YOUR OBJECTIVE
In the records below, the relevant part opens with the line containing "새로운 여성 비 부츠" and closes with the line containing "70’s Vintage Yellow"; print that part exactly and only, without its pictures.

═══ RECORDS SUPPLIED

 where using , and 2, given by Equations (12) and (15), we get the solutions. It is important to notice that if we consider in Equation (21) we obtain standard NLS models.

══════
═══ RECORDS SUPPLIED

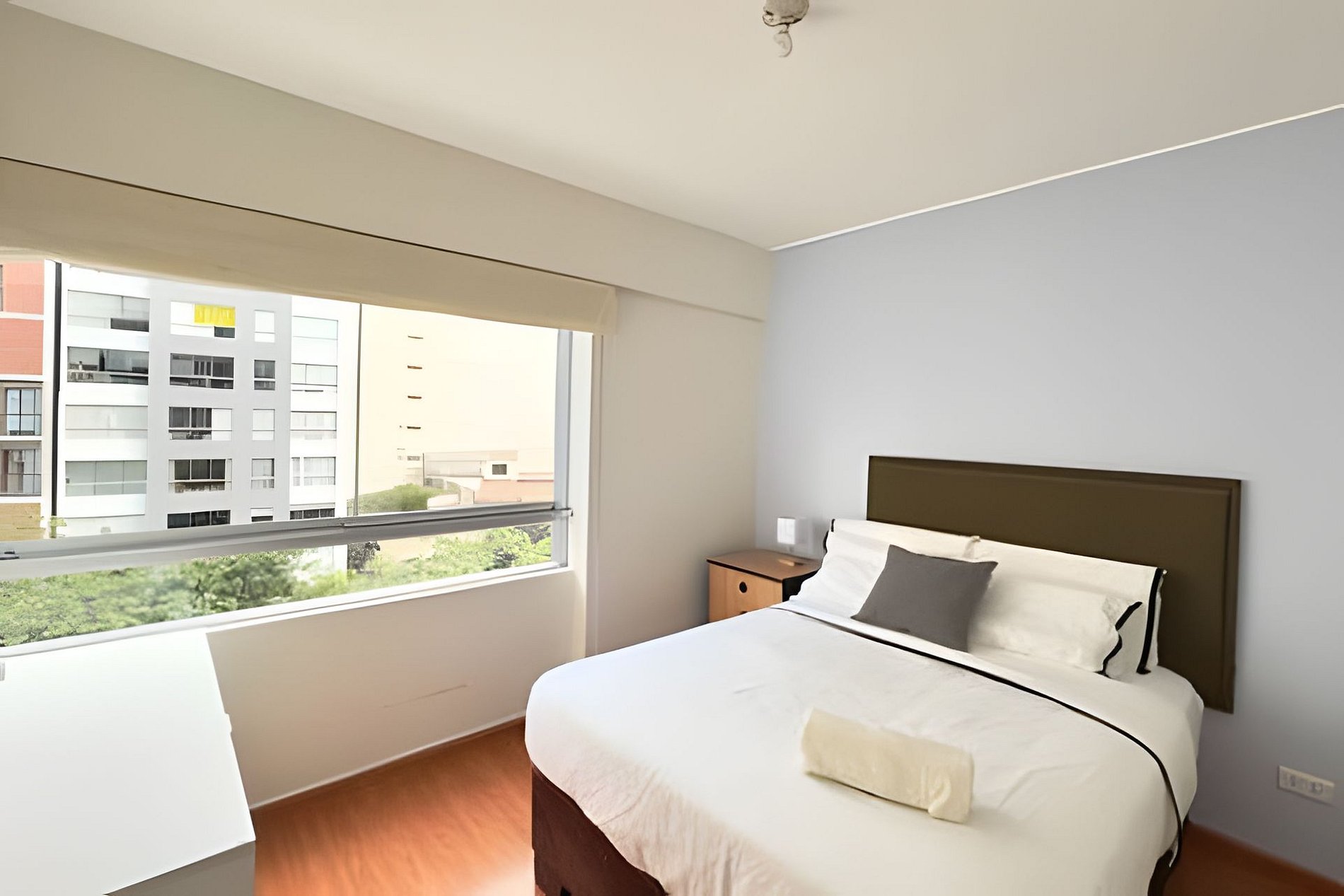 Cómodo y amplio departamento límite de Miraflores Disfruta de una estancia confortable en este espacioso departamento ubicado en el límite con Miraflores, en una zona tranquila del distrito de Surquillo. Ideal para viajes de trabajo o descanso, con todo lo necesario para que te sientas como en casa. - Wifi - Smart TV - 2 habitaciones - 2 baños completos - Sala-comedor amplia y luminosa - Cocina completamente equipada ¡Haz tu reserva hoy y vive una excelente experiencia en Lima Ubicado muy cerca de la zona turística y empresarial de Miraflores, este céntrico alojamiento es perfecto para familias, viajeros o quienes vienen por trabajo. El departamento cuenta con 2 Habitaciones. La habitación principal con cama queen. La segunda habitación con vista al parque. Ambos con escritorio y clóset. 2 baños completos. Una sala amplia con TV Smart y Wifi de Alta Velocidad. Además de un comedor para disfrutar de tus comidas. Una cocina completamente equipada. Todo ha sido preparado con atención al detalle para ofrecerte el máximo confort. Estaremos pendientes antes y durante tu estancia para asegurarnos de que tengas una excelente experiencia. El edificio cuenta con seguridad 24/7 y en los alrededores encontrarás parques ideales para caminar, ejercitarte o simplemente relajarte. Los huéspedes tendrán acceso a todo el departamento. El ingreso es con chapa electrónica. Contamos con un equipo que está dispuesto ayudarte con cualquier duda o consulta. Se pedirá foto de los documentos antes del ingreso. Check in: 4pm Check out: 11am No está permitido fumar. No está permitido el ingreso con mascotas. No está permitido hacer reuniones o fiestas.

══════
═══ RECORDS SUPPLIED

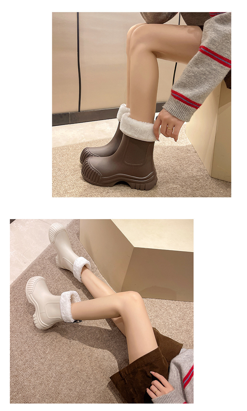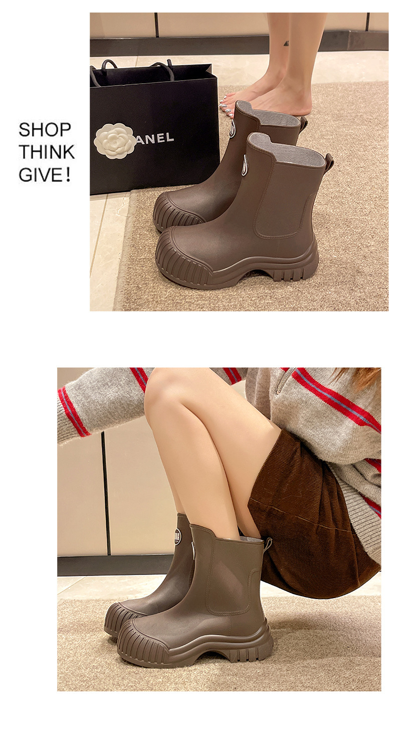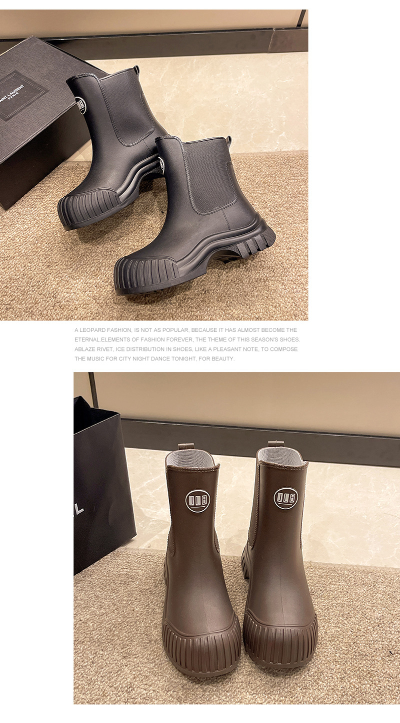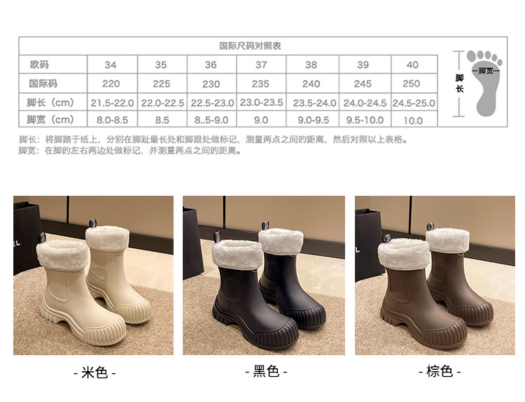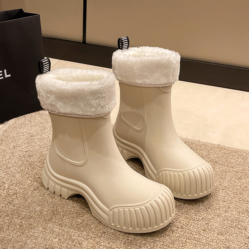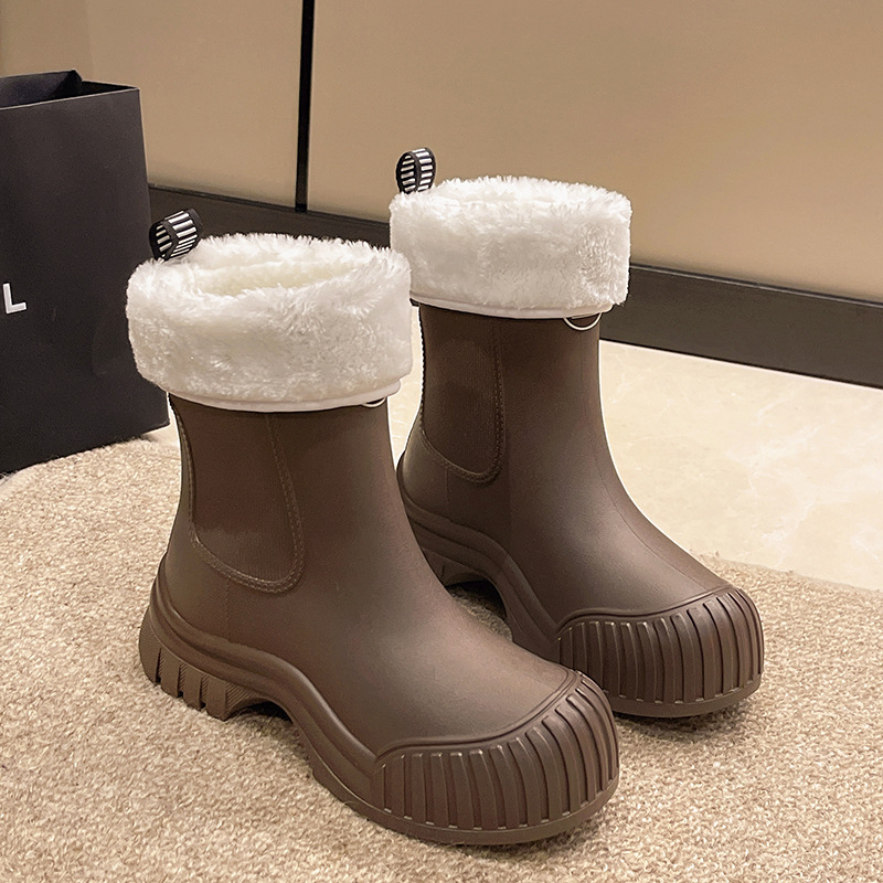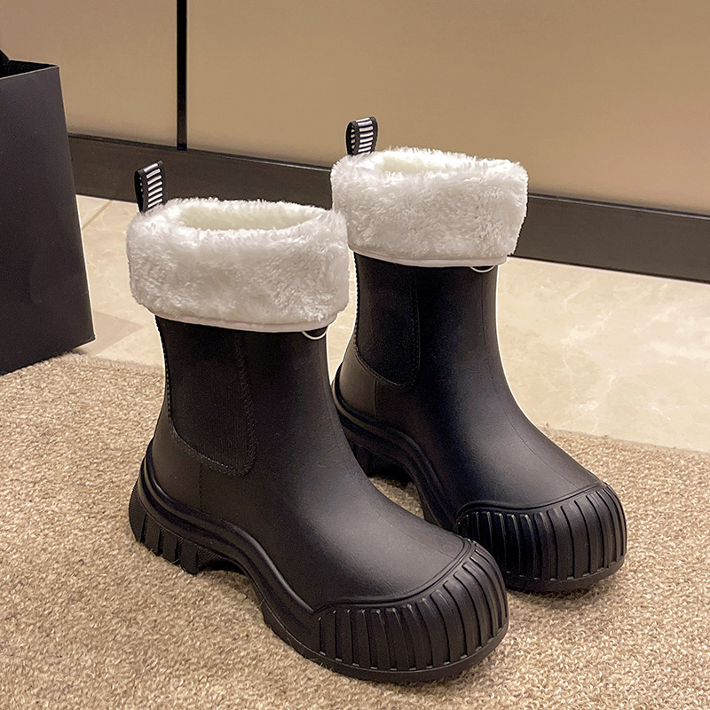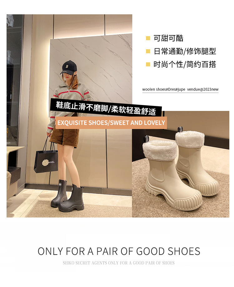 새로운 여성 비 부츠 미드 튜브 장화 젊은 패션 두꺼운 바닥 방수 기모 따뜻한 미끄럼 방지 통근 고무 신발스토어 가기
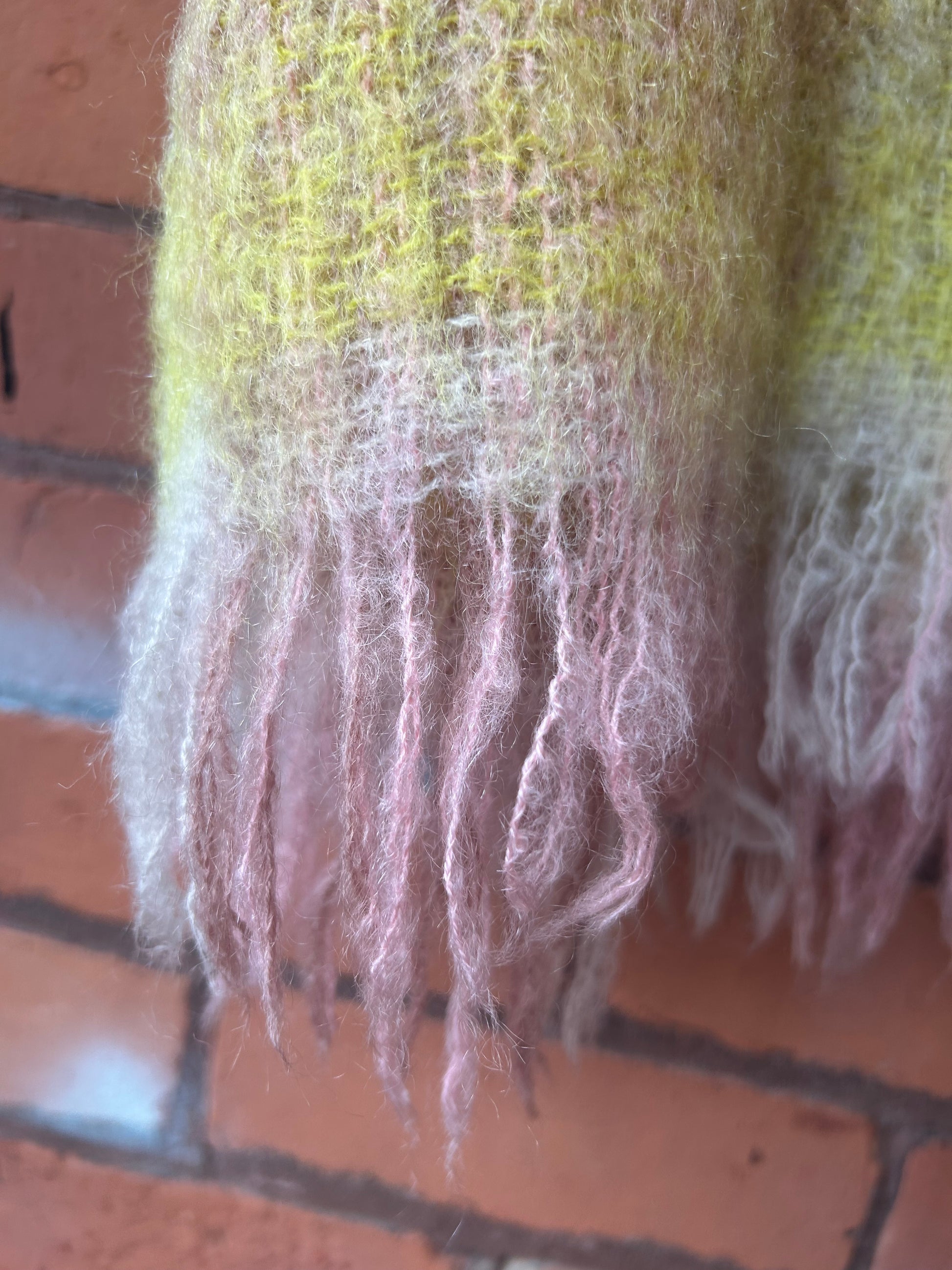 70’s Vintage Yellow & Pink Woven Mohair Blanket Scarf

══════

WRITTEN RESPONSE
 새로운 여성 비 부츠 미드 튜브 장화 젊은 패션 두꺼운 바닥 방수 기모 따뜻한 미끄럼 방지 통근 고무 신발스토어 가기
 70’s Vintage Yellow & Pink Woven Mohair Blanket Scarf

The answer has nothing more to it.